Glycyrrhizic acid-encapsulated curcumin pH response
Gastrointestinal pH-sensitive Pickering emulsion stabilized by zein nanoparticles coated with bioactive glycyrrhizic acid for improved oral bioaccessibility of curcumin

To achieve gut-targeted curcumin delivery, a pH-responsive nanocomplex based on glycyrrhizic acid and tannic acid was developed. Glycyrrhizic acid (GA), a natural organic acid extracted from licorice, has anti-inflammatory, antioxidant and antitumor activities. Tannic acid (TA) is a polyphenolic compound extracted from plants, which has functions such as antibacterial, antioxidative and crosslinking effects. Zein nanoparticles are a kind of biodegradable nanocarriers prepared from zein, which have good biocompatibility and drug loading capacity. Curcumin is a polyphenolic compound extracted from turmeric root, which has various pharmacological effects such as anti-inflammatory, anti-oxidation, and anti-tumor. Taking advantage of the pH responsiveness of glycyrrhizic acid and the cross-linking effect of tannic acid, zein nanoparticles and curcumin were complexed together to form zein/TA/GA nanoparticles (ZTGs). ZTGs have good stability under acidic conditions (such as gastric juice) and will not release curcumin; however, under neutral conditions (such as intestinal juice), they will undergo structural changes to release curcumin and achieve intestinal targeted delivery. ZTGs can improve the solubility, bioavailability, and therapeutic effect of curcumin, providing a novel nano-drug carrier for the treatment of gut-related diseases.

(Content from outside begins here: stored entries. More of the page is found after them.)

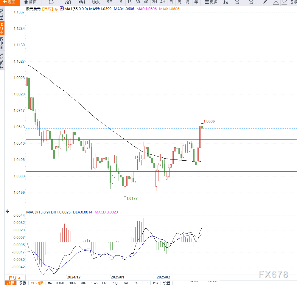 短期来看,若德国债务改革进一步推进,欧元有望维持强势。而美元走势则需关注美国经济数据表现,尤其是未来几个月的通胀和就业情况。如果贸易冲突加剧导致经济放缓,美元可能继续走弱。
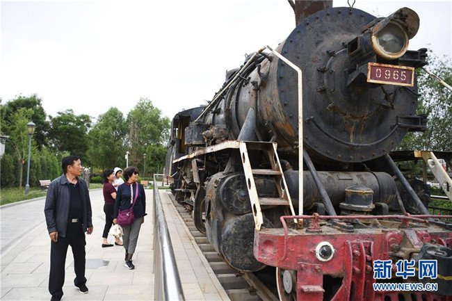 游客在甘肅省白銀市火焰山國家礦山公園內(nèi)參觀蒸汽機車(2019年6月11日攝)。新華社記者 陳斌 攝
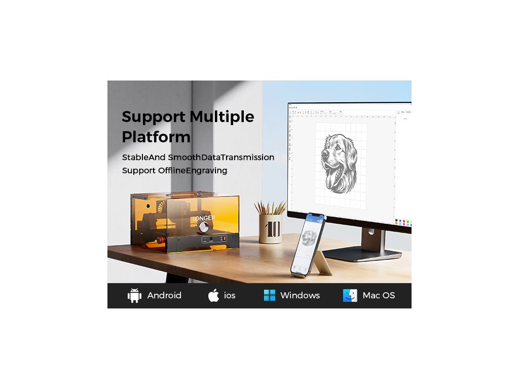 • WiFi připojení a mobilní aplikace LaserBurn: Ray5 miniS podporuje WiFi připojení a můžete ji ovládat přímo z mobilní aplikace LaserBurn (Android, iOS). Aplikace umožňuje nejen ovládat Ray5 miniS, ale také vytvářet a upravovat návrhy přímo na smartphonu nebo tabletu. Můžete importovat fotografie, generovat QR kódy, upravovat obrázky, nastavovat parametry gravírování (výkon, rychlost, počet průchodů) a spouštět projekty bezdrátově. Ideální pro uživatele, kteří preferují mobilní workflow a chtějí gravírovat odkudkoli bez nutnosti mít počítač.
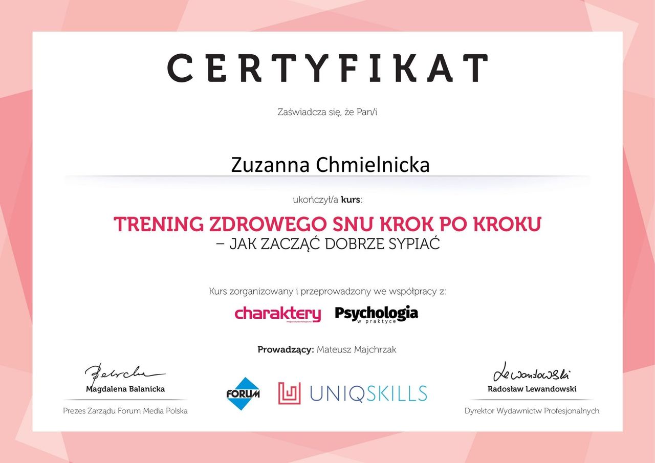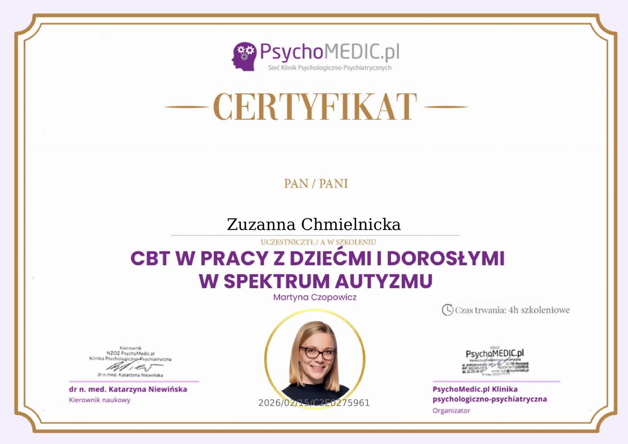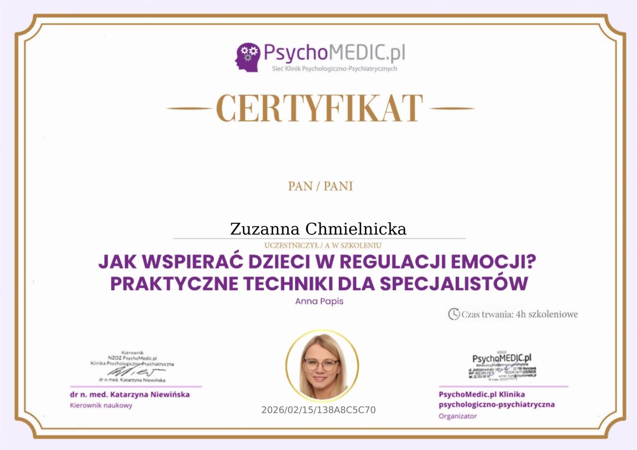 Ukończyłam specjalistyczny program diagnostyczno-terapeutyczny z zakresu psychologii dziecięcej w PsychoMedic.
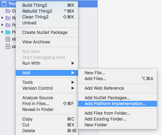 If an existing PCL project or .NET Standard project needs to be expanded to include platform-specific code, this can be done by right-clicking on the project and selecting Add > Add Platform Implementation...:
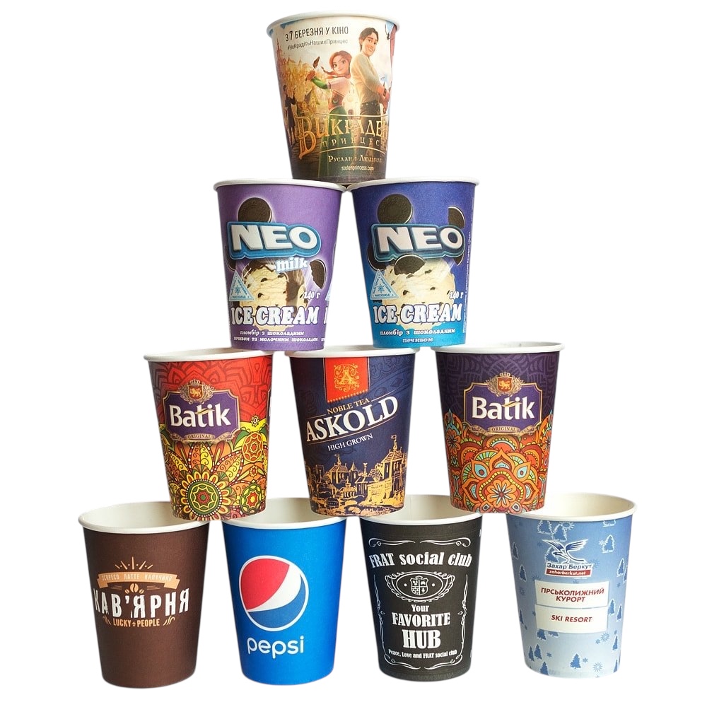 Стакан бумажный 250 мл однослойный с индивидуальным дизайном
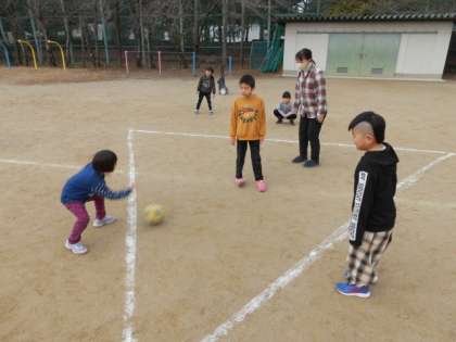 くすのき2のみんなで「ころがしドッジボール」に挑戦しました。ボールに当たらないようによけたり、上手にパス回しをしたりしていました。初めてでしたが、楽しかったようです。
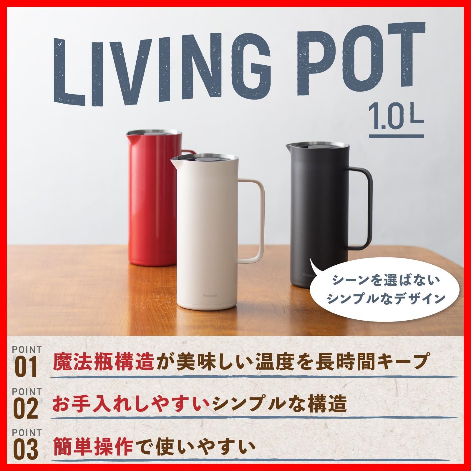 保温 保冷 真空断熱 広口 1 L ウォーターサーバー ポット 1リットル ステンレス 卓上ポット 保温ポット ホワイト AHW 100 ピーコック W

Glucose and hydrogen peroxide dual responsive borosilicate glass (BSG) scaffold for alveolar bone treatment
Dual-stimuli-responsive borosilicate glass (BSG) scaffold promotes diabetic alveolar bone defect repair by modulating macrophage phenotype

Alveolar bone regeneration remains a clinical challenge, especially in concomitant diabetes, which leads to metabolic derangements with a long-term low-grade inflammatory phenotype. Thus, spontaneous regulation of cellular functions, which are largely disturbed by persistent inflammation, is difficult to predict.
To promote the regeneration of diabetic alveolar bone defects, a glucose- and hydrogen peroxide dual-responsive borosilicate glass (BSG) scaffold based on epigallocatechin gallate (EGCG) was developed, which can synergistically regulate the abnormal inflammatory response at the alveolar bone defect site. EGCG is a natural polyphenolic compound extracted from tea leaves, which has various biological activities such as antioxidant, anti-inflammatory, and anti-tumor. BSG is a bioactive and degradable inorganic material that can be used as a carrier for drugs or growth factors. The researchers encapsulated EGCG in BSG scaffolds to form EGCG-BSG composite scaffolds, which can regulate the release rate and amount of EGCG according to the levels of glucose and hydrogen peroxide, thereby realizing intelligent adaptation to the inflammatory environment.